#### Records provided

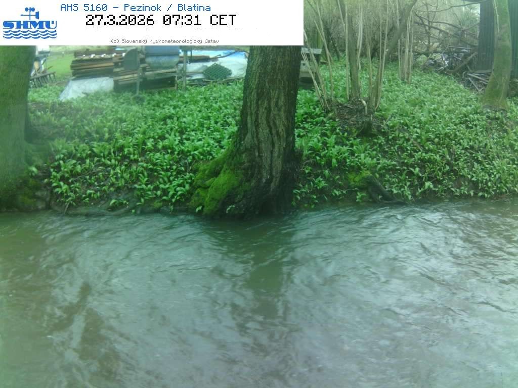 Poveternostná situácia sa otočila v prospech zrážkovej činnosti až v závere marca, aj to len na časti územia, predovšetkým v povodiach západného a čiastočne aj severného Slovenska. Tu bol zaznamenaný prechodný mierny vzostup až vzostup - v povodí Myjavy, hornej časti Moravy, v hornej a strednej časti subpovodia Nitry, na Žitave a na malokarpatských prítokoch. Zvýšený vodný stav s prekročením 1. SPA sme pozorovali na Blatine v Pezinku (Obr. 5, Tab. 1).
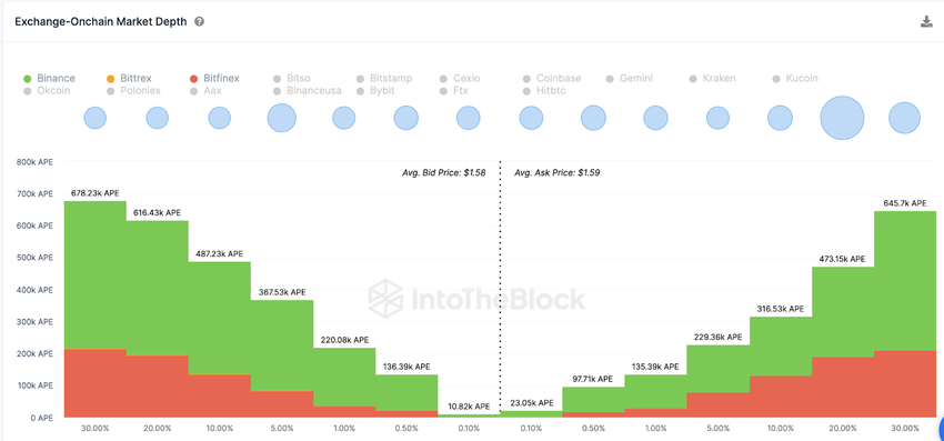 Wie auf dem Chart unten zu sehen ist, platzierten APE-Trader Kaufaufträge in Höhe von 487.230 APE-Token um die1,40 US-Dollar-Marke.
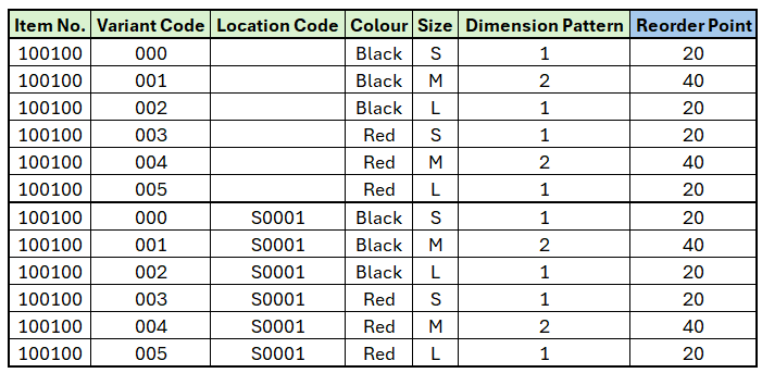 The break down of Reorder Point and Maximum Inventory is grouped according to the locations that are set up in the Item Store Records. Item Store Records without Location Code are considered a group on its own. Note: Only Item Store Records with Variant Code defined are considered for the break down.
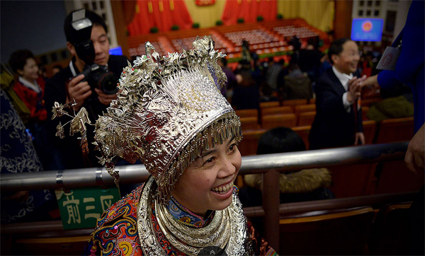 十二屆全國人民代表大會第三次會議在人民大會堂舉行開幕會。少數(shù)民族代表盛裝出席開幕會。
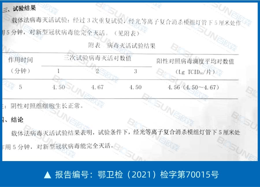 根據國家權威檢測機構—湖北省疾病預防控制中心衛生檢驗檢測研究所測試,百歐森光等離子復合消殺模組對冠狀病毒的滅活率達到了99.99%,有效的證明了百歐森光等離子消毒凈化設備相較其他空氣凈化消殺產品的優越性。
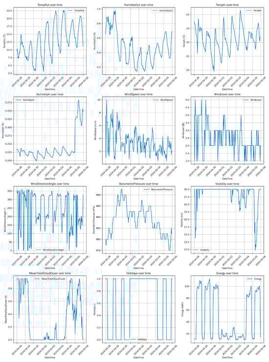 We selected the transitional period between spring and summer in Hohhot, a severely cold region, as the research space for energy consumption forecasting. Based on multi-factor considerations (Table 2), it was determined that public buildings in this area represent the typical energy consumption characteristics of public buildings in severely cold Zone I cities in northern China. The transitional period from 28 April to 5 May 2024 was selected, comprising 192 datasets as the preliminary research dataset. This period represents a critical phase where natural environmental regulation interacts with active building operations. Although the data span is brief, it comprehensively covers weekdays, weekends, and public holidays (including Labour Day), enabling effective capture of typical energy consumption fluctuations during transitional days. This makes it suitable for validating model architecture feasibility and short-term forecasting performance. Overall, the selection of the study subject provides a high-quality energy consumption sample for public buildings in cold northern regions, offering research value across multiple dimensions, including scale, layout, systems, management, and geography.
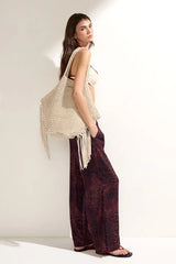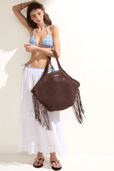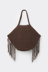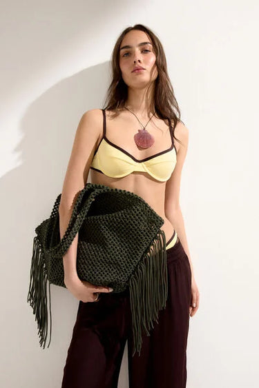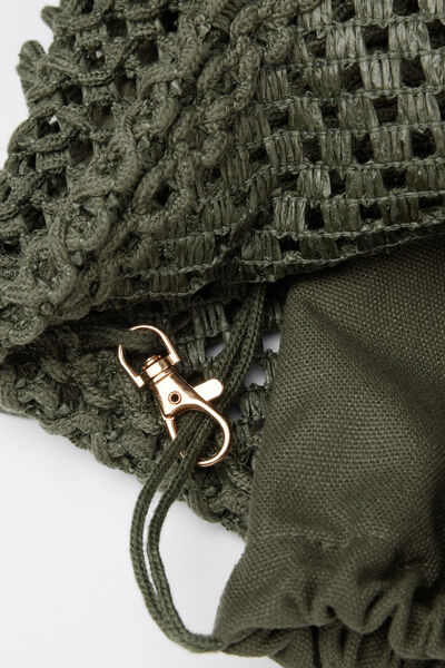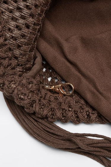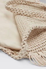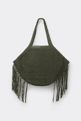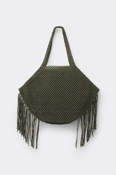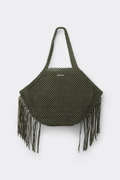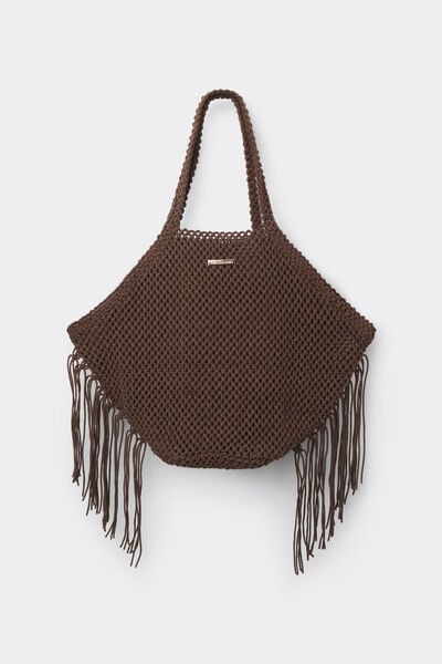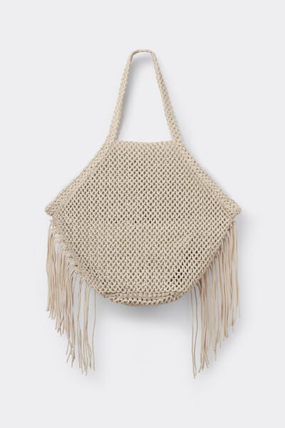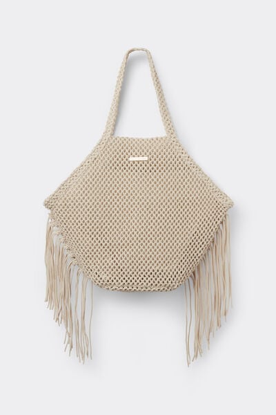 Beach bag with a handcrafted feel, featuring a design inspired by ethnic motifs, made in refined crochet knit, perfect for completing beach looks. The mesh workmanship, with its geometric pattern, is enhanced by long side fringing that adds movement and a boho-chic character. The interior features a removable drawstring pouch lining, attached with practical snap hooks: a functional solution that allows separate washing and easy removal of sand and residue. The Calzedonia logo in a gold finish on the front signs the piece with an elegant and distinctive detail. The design is completed by a wide braided handle, soft and durable, designed for comfortable shoulder wear.

########

What is needed> In the listing above, find the line containing "十二屆全國人民代表大會第三次". Output it and every line after it up to and including the line containing "We selected the", exactly, but skip the pictures.

Result for this exercise>
 十二屆全國人民代表大會第三次會議在人民大會堂舉行開幕會。少數(shù)民族代表盛裝出席開幕會。
 根據國家權威檢測機構—湖北省疾病預防控制中心衛生檢驗檢測研究所測試,百歐森光等離子復合消殺模組對冠狀病毒的滅活率達到了99.99%,有效的證明了百歐森光等離子消毒凈化設備相較其他空氣凈化消殺產品的優越性。
 We selected the transitional period between spring and summer in Hohhot, a severely cold region, as the research space for energy consumption forecasting. Based on multi-factor considerations (Table 2), it was determined that public buildings in this area represent the typical energy consumption characteristics of public buildings in severely cold Zone I cities in northern China. The transitional period from 28 April to 5 May 2024 was selected, comprising 192 datasets as the preliminary research dataset. This period represents a critical phase where natural environmental regulation interacts with active building operations. Although the data span is brief, it comprehensively covers weekdays, weekends, and public holidays (including Labour Day), enabling effective capture of typical energy consumption fluctuations during transitional days. This makes it suitable for validating model architecture feasibility and short-term forecasting performance. Overall, the selection of the study subject provides a high-quality energy consumption sample for public buildings in cold northern regions, offering research value across multiple dimensions, including scale, layout, systems, management, and geography.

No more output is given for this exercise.